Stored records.
=== Section Start ===
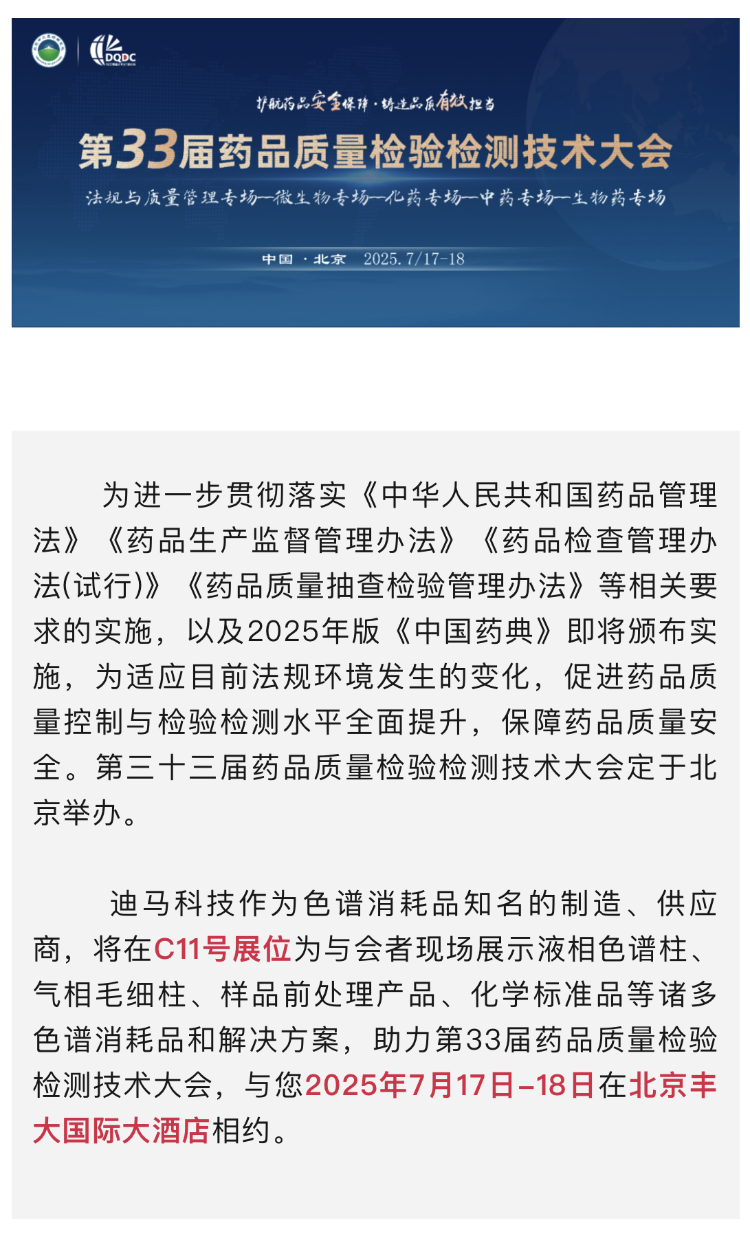 迪马科技与您北京相约:第33届药品质量检验检测技术大会
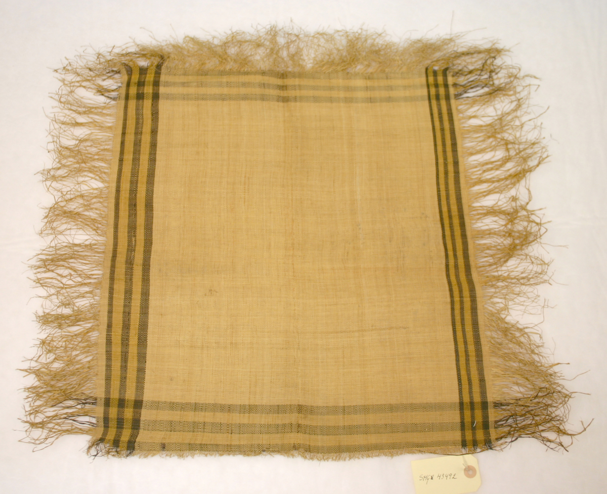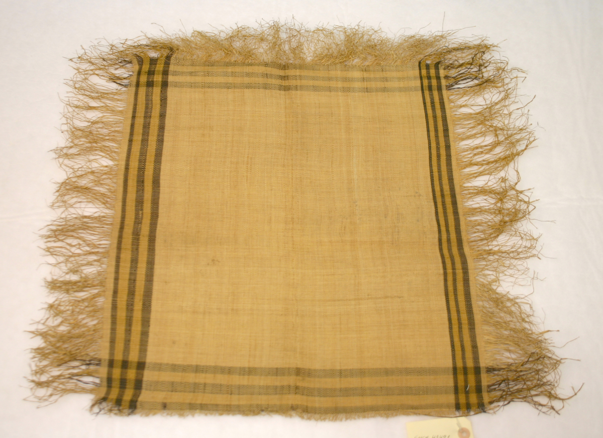 En grövre kvadratisk Textil av växtfibern raffia vävd i tuskaft med mönster i varp och inslag i form av ränder i två nyanser. Brunt och gult i varpens ytterkanter och brunt i varpens övre och nedre kant. Fransar runt om (lämnad varp och inslag) På tre sidor varierar fransarnas bredd mellan 7-13cm, medan en kant endast har en frans på 1 cm. Dessa textiler användes som betalningsmedel men även ibland till kläder såsom kjolar och mantlar. Textilen är vävd på liten kvadratisk vävstol med enskaftad solv (endast en skaftkäpp) där väven sträckts på en ram som var lätt att rulla ihop och ta med sig.
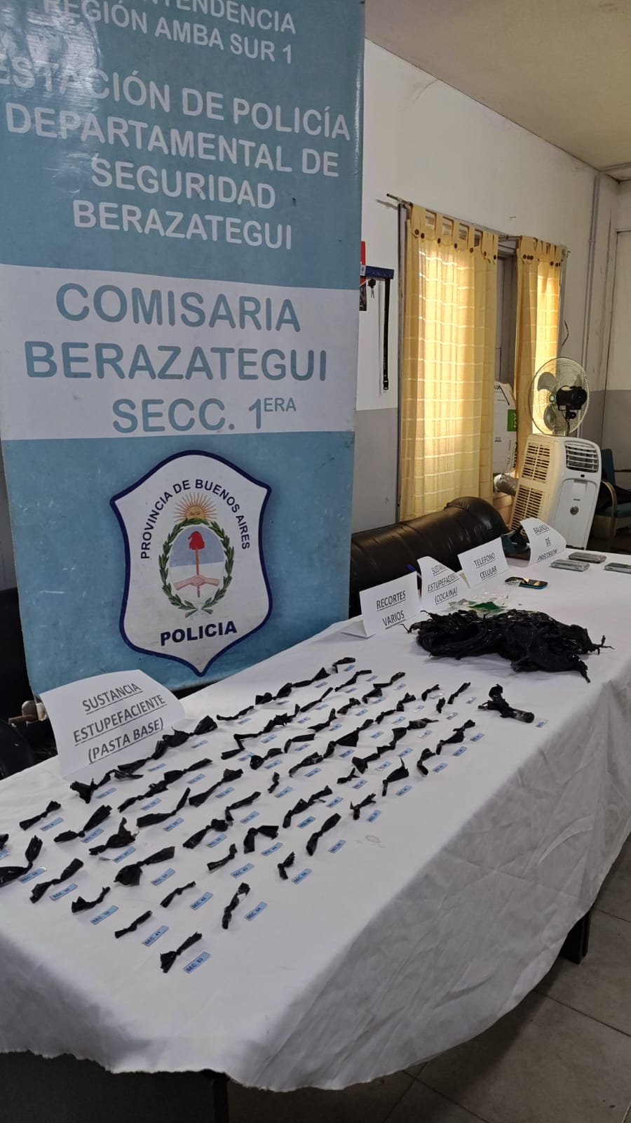 En la requisa del inmueble se secuestraron 62 envoltorios que contenían una sustancia amarillenta compatible con pasta base —con un peso total de 32 gramos—, además de un envoltorio con clorhidrato de cocaína de aproximadamente 5 gramos, tres balanzas de precisión y un teléfono celular.
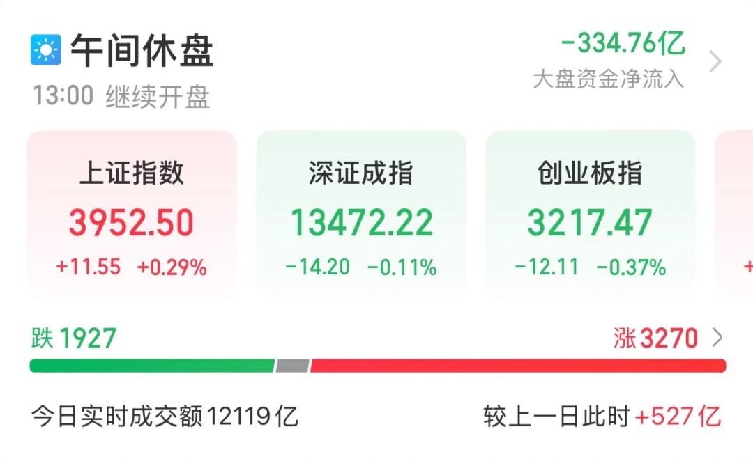 12月25日早盘,A股三大指数震荡分化,沪指持续上攻。截至午间收盘,上证指数报3952.50点,涨0.29%;深证成指、创业板指分别跌0.11%、0.37%。沪深北三市半日成交12119亿元,较上个交易日同期放量527亿元。
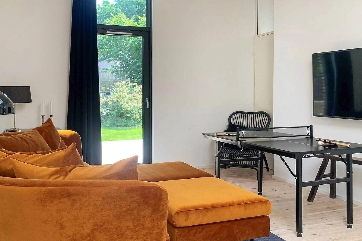 Angolo cottura(mobile cucina(elettrico), cappa aspirante, caffettiera, forno a microonde, lavastoviglie, frigorifero, congelatore(140-199L)), Soggiorno/camera da letto(TV(canali TV danesi), seggiolone, chromecast), Camera da letto(letto matrimoniale), Camera da letto(letto matrimoniale), Camera da letto(letto matrimoniale), Camera da letto(2x letto a castello), Bagno(sotto pavimento)(asciugabiancheria, vasca o doccia, lavabo, WC, lavatrice), Bagno(sotto pavimento)(vasca o doccia, lavabo, WC), riscaldamento(elettrico), terrazza, terrazza(coperto), giardino, barbecue, tavolo da ping pong, termopompa aria-aria
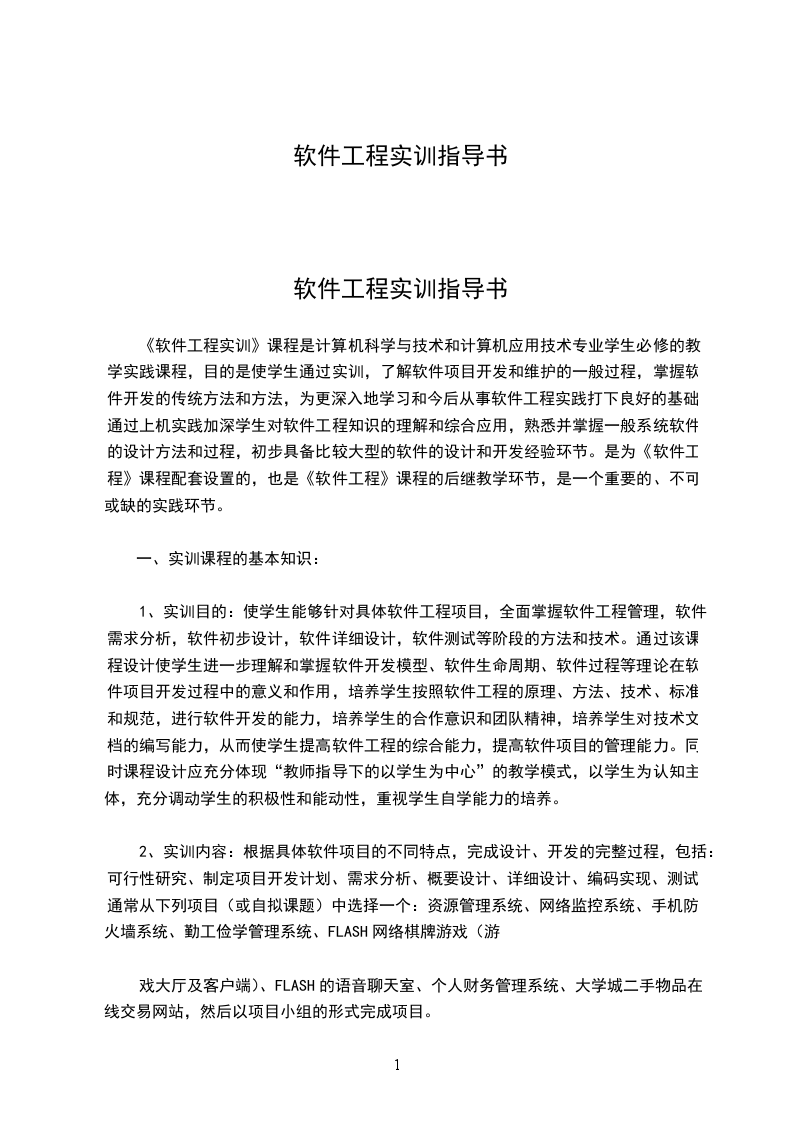 《软件工程实训》课程是计算机科学与技术和计算机应用技术专业学生必修的教学实践课程,目的是使学生通过实训,了解软件项目开发和维护的一般过程,掌握软件开发的传统方法和方法,为更深入地学习和今后从事软件工程实践打下良好的基础。通过上机实践加深学生对软件工程知识的理解和综合应用,熟悉并掌握一般系统软件的设计方法和过程,初步具备比较大型的软件的设计和开发经验环节。是为《软件工程》课程配套设置的,也是《软件工程》课程的后继教学环节,是一个重要的、不可或缺的实践环节。
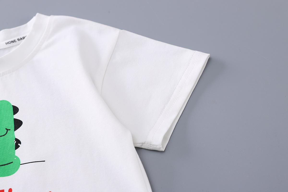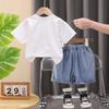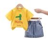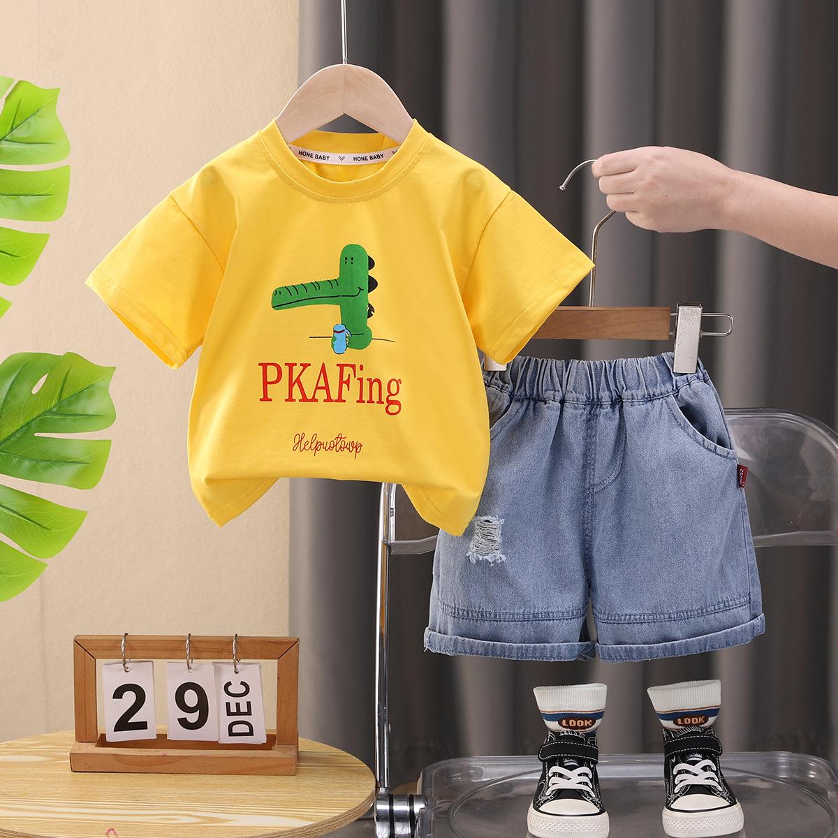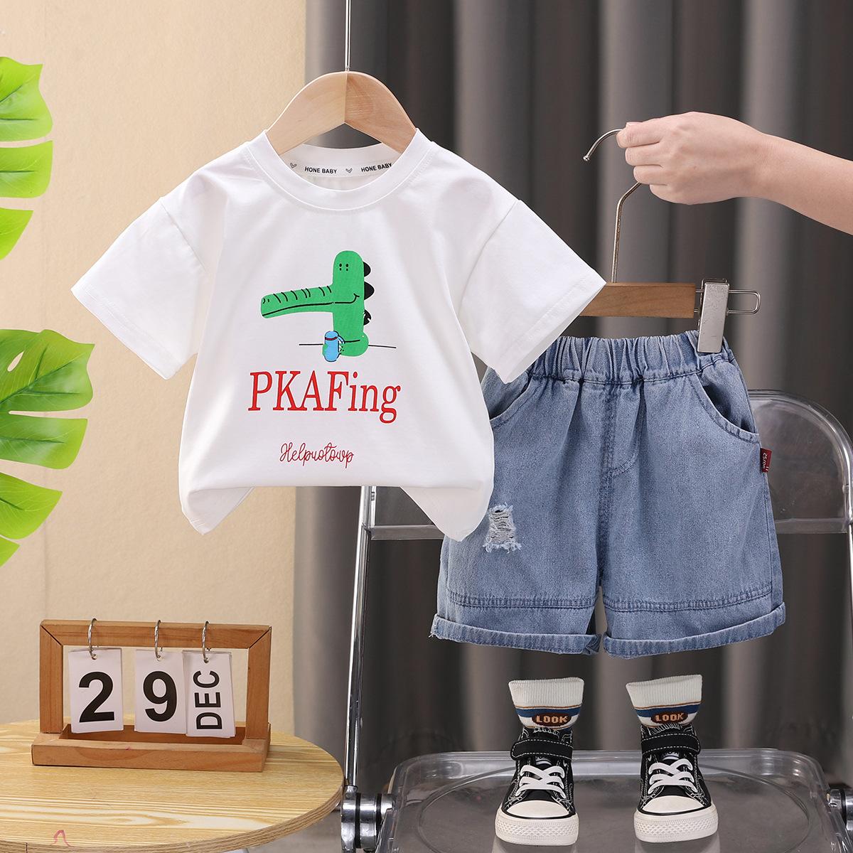 Traje de manga corta de verano 2025 para niños, conjunto de dos piezas con estampado de animales de estilo occidental, cuello redondo y pantalones cortos
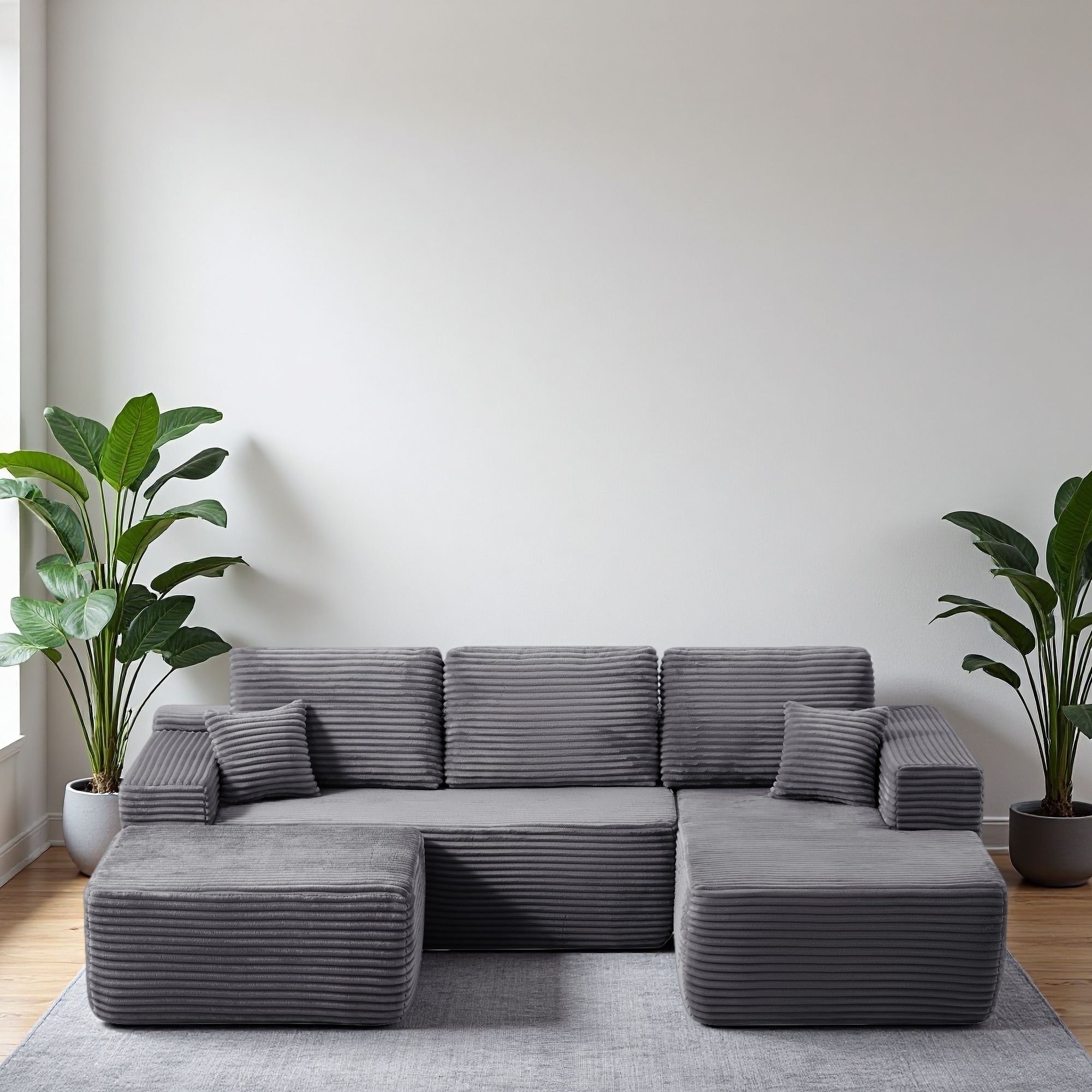 Corduroy Modular Sectional Sofa with Ottoman for Living Room Seating
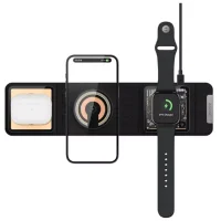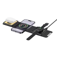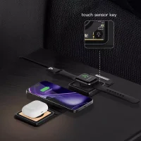 این شارژر بی‌سیم دارای طراحی سه بخشی است که به شما امکان شارژ هم‌زمان گوشی هوشمند، هدفون بی‌سیم (مانند ایرپاد) و ساعت هوشمند را می‌دهد. هر قسمت با دقت بالا برای جای‌گیری صحیح دستگاه طراحی شده تا از لغزش و اتصال ناپایدار جلوگیری کند. این محصول با اکثر دستگاه‌های مجهز به فناوری Qi سازگار است و از شارژ سریع بی‌سیم پشتیبانی می‌کند.
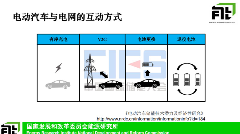 我們這里大致看一下就是電動(dòng)汽車與電網(wǎng)互動(dòng)的幾種典型的模式,電池更換還有這個(gè)第一類稍微有點(diǎn)不同,是一個(gè)單向的通過調(diào)節(jié)充電時(shí)間,去實(shí)現(xiàn)虛擬儲(chǔ)能的作用,后面幾種是電動(dòng)汽車跟電網(wǎng)雙向驅(qū)動(dòng)的模式,這個(gè)大家比較了解,不具體說了,這也是我們可能兩年前做的一個(gè)研究的,就是假設(shè)2030年有一億輛電動(dòng)汽車的規(guī)模,來評(píng)估幾種儲(chǔ)能方式,總的儲(chǔ)能的這樣能力。通過V2G這樣來講的話,可以提供5T瓦時(shí)的儲(chǔ)能能力這樣的規(guī)模的話差不多就是4倍這樣的規(guī)模,按照8小時(shí)的放電時(shí)間,1.5億千瓦的這種資源去評(píng)估的。
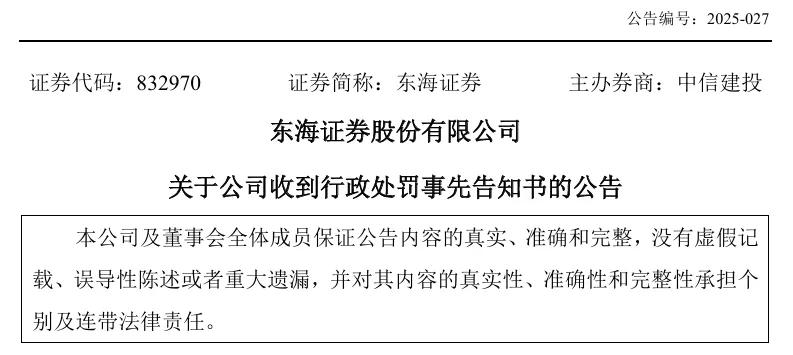 根据相关规定,就中国证监会拟对东海证券实施的行政处罚,东海证券享有陈述、申辩并要求听证的权利。
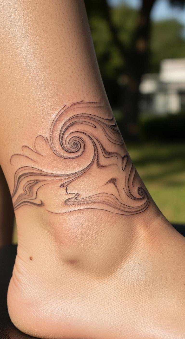A few swirls around your ankle keep it subtle and sweet. This pattern fits daily wear. Draw it on your leg with a pen. Quick and free. Look for inexpensive parlors nearby. Share ideas in online forums. Blend in cloud shapes for whimsy. Experiment with water marbling using household dye. Wear it with sandals for fun. Keep sizes small to match your routine. Use basic supplies like paper and ink. This ankle tattoo enhances your step. Select spots with good airflow. Cut costs by planning ahead.
=== Section End ===
The task. The line containing "Corduroy Modular Sectional" marks the start: set down exactly that line and every line after it through the last line of the data, without any pictures.

Task result.
 Corduroy Modular Sectional Sofa with Ottoman for Living Room Seating
 این شارژر بی‌سیم دارای طراحی سه بخشی است که به شما امکان شارژ هم‌زمان گوشی هوشمند، هدفون بی‌سیم (مانند ایرپاد) و ساعت هوشمند را می‌دهد. هر قسمت با دقت بالا برای جای‌گیری صحیح دستگاه طراحی شده تا از لغزش و اتصال ناپایدار جلوگیری کند. این محصول با اکثر دستگاه‌های مجهز به فناوری Qi سازگار است و از شارژ سریع بی‌سیم پشتیبانی می‌کند.
 我們這里大致看一下就是電動(dòng)汽車與電網(wǎng)互動(dòng)的幾種典型的模式,電池更換還有這個(gè)第一類稍微有點(diǎn)不同,是一個(gè)單向的通過調(diào)節(jié)充電時(shí)間,去實(shí)現(xiàn)虛擬儲(chǔ)能的作用,后面幾種是電動(dòng)汽車跟電網(wǎng)雙向驅(qū)動(dòng)的模式,這個(gè)大家比較了解,不具體說了,這也是我們可能兩年前做的一個(gè)研究的,就是假設(shè)2030年有一億輛電動(dòng)汽車的規(guī)模,來評(píng)估幾種儲(chǔ)能方式,總的儲(chǔ)能的這樣能力。通過V2G這樣來講的話,可以提供5T瓦時(shí)的儲(chǔ)能能力這樣的規(guī)模的話差不多就是4倍這樣的規(guī)模,按照8小時(shí)的放電時(shí)間,1.5億千瓦的這種資源去評(píng)估的。
 根据相关规定,就中国证监会拟对东海证券实施的行政处罚,东海证券享有陈述、申辩并要求听证的权利。
A few swirls around your ankle keep it subtle and sweet. This pattern fits daily wear. Draw it on your leg with a pen. Quick and free. Look for inexpensive parlors nearby. Share ideas in online forums. Blend in cloud shapes for whimsy. Experiment with water marbling using household dye. Wear it with sandals for fun. Keep sizes small to match your routine. Use basic supplies like paper and ink. This ankle tattoo enhances your step. Select spots with good airflow. Cut costs by planning ahead.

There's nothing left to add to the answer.